Mini-Microsoft is the name of a blog maintained by an anonymous author who appears to be a Microsoft employee. The term is also generally used as a pseudonym for the author of the blog, although on the site the author is listed as "Who da'Punk". The nominal goal of the site is to shrink Microsoft down to a smaller, more efficient company, but Mini-Microsoft has become a place where Microsoft employees and others engage in an open discussion about all aspects of the company and what it is like to work there. The site is credited with providing some of the impetus for internal changes at the company in 2006, specifically concerning how employee reviews are done.
Mini-Microsoft began on July 6, 2004 with a post entitled "Blast off for Mini-Microsoft". Throughout 2005 the site began to gather attention, culminating in an interview by Jay Greene in the September 26, 2005 issue of Business Week, part of a cover package about trouble at Microsoft. In November 2005, Mini-Microsoft turned on comment moderation as a way to increase the quality of the comment section, which he frequently highlights as an integral part of the site. This followed several experiments such as allowing comments for registered users only, and turning off comments completely.
After a May 27, 2006 article by Danny Westneat in The Seattle Times, in which Mini-Microsoft admitted that his secret identity was wearing on him, he announced on his blog that he was taking a break from posting. After a short delay and an outcry from his readers he began posting again, initially with articles containing mostly links, but in the late summer of 2006 he returned to his previous posting style.
Effect on Microsoft
One of Mini-Microsoft's favorite targets in his early posts was the Microsoft review system, which required that employee ratings be fit to a curve, in a standard Rank and Yank method. For the summer 2006 review process, the system was changed so that evaluation of an employee's past performance was no longer curved. Mini-Microsoft is widely credited with inspiring this change, although company officials have made no statements to that effect. According to further posts and comments on the blog, the company does still enforce a curve when evaluating an employee's future potential. This has led to frequent discussions of “Kim”, a name Mini-Microsoft coined to refer to productive senior employees who were labeled by the revised review system as having “Limited” future potential. Part of the original criticism Mini-Microsoft had for the review curve was that it forced managers to damage the morale of productive employees because even on highly successful teams, a fixed percentage of employees would be given a low score. The same morale problems apparently still occur with the Limited label, (which in 2007 was changed to the less-offensive sounding “10%” – representing the percentage of employees that must be assigned the score).

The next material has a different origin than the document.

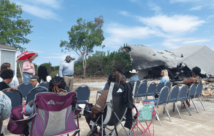 Members of the historic Pleasant Hill Missionary Baptist Church in Whitney had a painful week after their church building was destroyed in a suspicious fire late Sunday night, May 15, but by the next Sunday, they were meeting outdoors on the church grounds and vowing to pick up the pieces.

Mini-Microsoft has also been responsible for bringing some transparency to the compensation structure at Microsoft. Employees have anonymously posted their own salary, bonus, and stock grant information, as well as provided information on the compensation of others (particularly executives). Although any individual anonymous information is of dubious veracity, the aggregation of them provides insight into the overall compensation system.
Mini-Microsoft has not made his identity public. There are three known instances where he has revealed himself:
- In an in-person interview with Jay Greene of Business Week
- A phone interview with Danny Westneat of the Seattle Times
- And this interview on the Microsoft Jobs blog.
Although he posts vague details about his job, he has also stated that he deliberately posts misinformation to mislead searchers. For a brief time after his June 2006 "retirement" he seemed eager to be discovered, but that has since faded.
From his two known interviews, it is known that:
- Mini-Microsoft is male (reported in both interviews).
- He is married (reported in both interviews and occasionally referred to on the site).
- At least one co-worker has figured out his identity (reported by Danny Westneat).